Note
This document is slightly dated and needs to include the new Mull IR Frontend.
This page contains a short summary of the design and features of Mull. Also the advantages of Mull are highlighted as well as some known issues.
If you want to learn more than we cover here, Mull has a paper: “Mull it over: mutation testing based on LLVM” (see below on this page).
Mull is based on LLVM and uses its API extensively. The main APIs used are: LLVM IR and Clang AST API.
Mull finds and creates mutations of a program in memory, on the level of LLVM bitcode.
All mutations are injected into original program’s code. Each injected mutation is hidden under a conditional flag that enables that specific mutation. The resulting program is compiled into a single binary which is run multiple times, one run per mutation. With each run, Mull activates a condition for a corresponding mutation to check how the injection of that particular mutation affects the execution of a test suite.
Mull runs the tested program and its mutated versions in child subprocesses so that the execution of the tested program does not affect Mull running in a parent process.
Note: Mull no longer uses LLVM JIT for execution of mutated programs. See the Historical note: LLVM JIT deprecation (January 2021).
Mull uses information about source code obtained via Clang AST API to find out which mutations in LLVM bitcode are valid (i.e. they trace back to the source code), all invalid mutations are ignored in a controlled way.
The default search algorithm simply finds all mutations that can be found on the level of LLVM bitcode.
The “black search” algorithm called Junk Detection uses source code information provided by Clang AST to filter out invalid mutations from a set of all possible mutations that are found in LLVM bitcode by the default search algorithm.
The “white search” algorithm starts with collecting source code information via Clang AST and then feeds this information to the default search algorithm which allows finding valid mutations and filtering out invalid mutations at the same time.
The black and white search algorithms are very similar in the reasoning that they do. The only difference is that the white search filters out invalid mutations just in time as they are found in LLVM bitcode, while the black search does this after the fact on the raw set of mutations that consists of both valid and invalid mutations.
The black search algorithm appeared earlier and is expected to be more stable. The white search algorithm is currently in development.
Mull reports survived/killed mutations to the console by default. The compiler-like warnings are printed to standard output.
Mull has an SQLite reporter: mutants and execution results are collected in SQLite database. This kind of reporting makes it possible to make SQL queries for a more advanced analysis of mutation results.
Mull supports reporting to HTML via Mutation Testing Elements.

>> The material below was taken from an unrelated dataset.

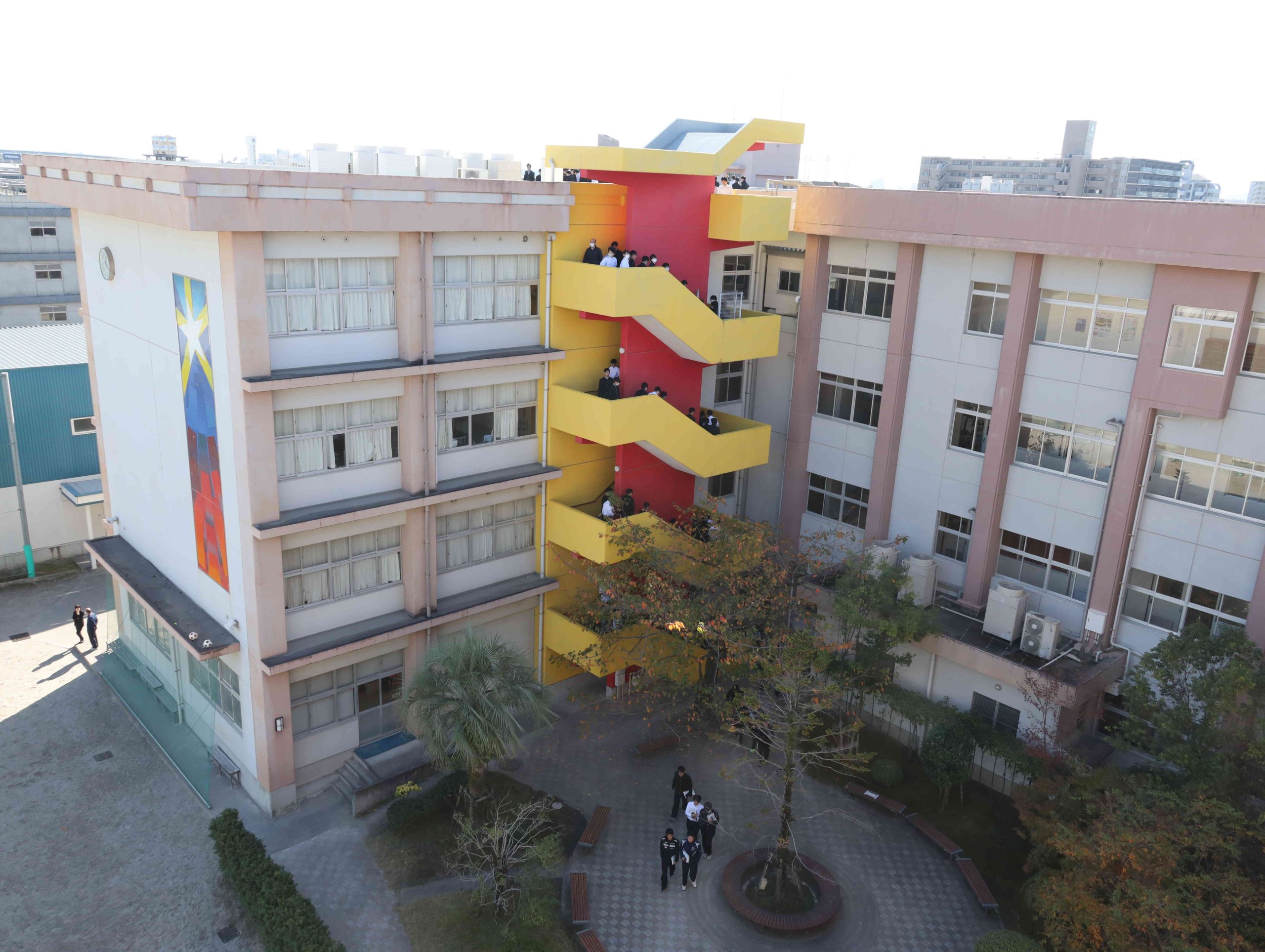 この日、毎年恒例の防災・避難訓練が行われました。大地震後と津波警報が発令された想定で、全員が屋上に避難します。これは日頃上がれない高校校舎屋上に避難した生徒たちです。

Mull generates JSON report which is given to Elements to generate HTML pages.
Mull has a great support of macOS and various Linux systems across all modern versions of LLVM from 3.9.0 to 9.0.0.
Mull supports FreeBSD with minor known issues.
Mull is reported to work on Windows Subsystem for Linux, but no official support yet.
Mull has 3 layers of testing:
Unit and integration testing on the level of C++ classes
Integration testing against known real-world projects, such as OpenSSL
Integration testing using LLVM Integrated Tester (LIT)
The main advantage of Mull’s design and its approach to finding and doing mutations is very good performance. Combined with incremental mutation testing one can get mutation testing reports in the order of few seconds.
Another advantage is language agnosticism. The developers of Mull have been focusing on C/C++ as the primary supported languages but the proof of concepts for other compiled languages, such as Rust and Swift, have been developed.
A lot of development effort have been put into Mull in order to make it stable across different operating systems and versions of LLVM. Combined with the growing test coverage and highly modular design, Mull is a very stable, well-tested and maintained system.
Mull works on the level of LLVM bitcode and from there it gets its strengths but also its main weakness: the precision of the information for mutations is not as high as it is on the source code level. It is a broad area of work where the developers of Mull have to combine the two levels of information about code: LLVM bitcode and AST in order to make Mull both fast and precise. Among other things the good suite of integration tests is aimed to provide Mull with a good contract of supported mutations which are predictable and known to work without any side effects.
The usage of LLVM JIT has been deprecated and all LLVM JIT-related code has been removed from Mull by January 2021.
This issue explains the reasons: PSA: Moving away from JIT.
Mull it over: mutation testing based on LLVM (preprint)
@INPROCEEDINGS{8411727,
author={A. Denisov and S. Pankevich},
booktitle={2018 IEEE International Conference on Software Testing, Verification and Validation Workshops (ICSTW)},
title={Mull It Over: Mutation Testing Based on LLVM},
year={2018},
volume={},
number={},
pages={25-31},
keywords={just-in-time;program compilers;program testing;program verification;mutations;Mull;LLVM IR;mutated programs;compiled programming languages;LLVM framework;LLVM JIT;tested program;mutation testing tool;Testing;Tools;Computer languages;Instruments;Runtime;Computer crashes;Open source software;mutation testing;llvm},
doi={10.1109/ICSTW.2018.00024},
ISSN={},
month={April},}